** Source material follows **
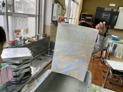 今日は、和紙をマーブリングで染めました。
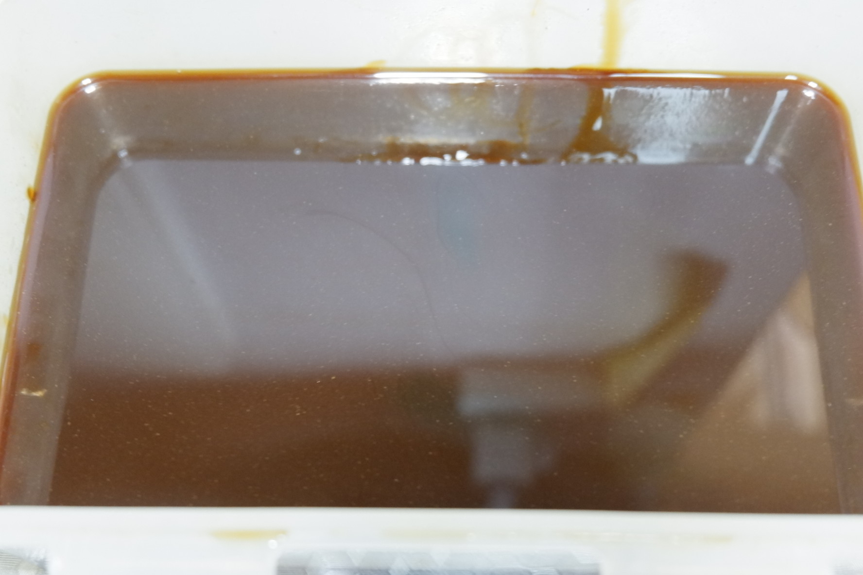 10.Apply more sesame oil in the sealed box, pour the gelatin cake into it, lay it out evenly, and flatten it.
** End of Source material **
** Source material follows **
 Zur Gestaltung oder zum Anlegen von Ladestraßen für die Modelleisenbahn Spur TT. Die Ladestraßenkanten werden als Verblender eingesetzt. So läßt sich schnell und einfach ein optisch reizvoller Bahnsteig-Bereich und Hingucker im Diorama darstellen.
** End of Source material **
* _Problem to solve_
Output exactly the stretch of the listing that begins at the line containing "今日は、和紙をマーブリングで染めました。" and ends at the line containing "10.Apply more sesame", both kept. Omit pictures and everything else.

* _Written solution_
 今日は、和紙をマーブリングで染めました。
 10.Apply more sesame oil in the sealed box, pour the gelatin cake into it, lay it out evenly, and flatten it.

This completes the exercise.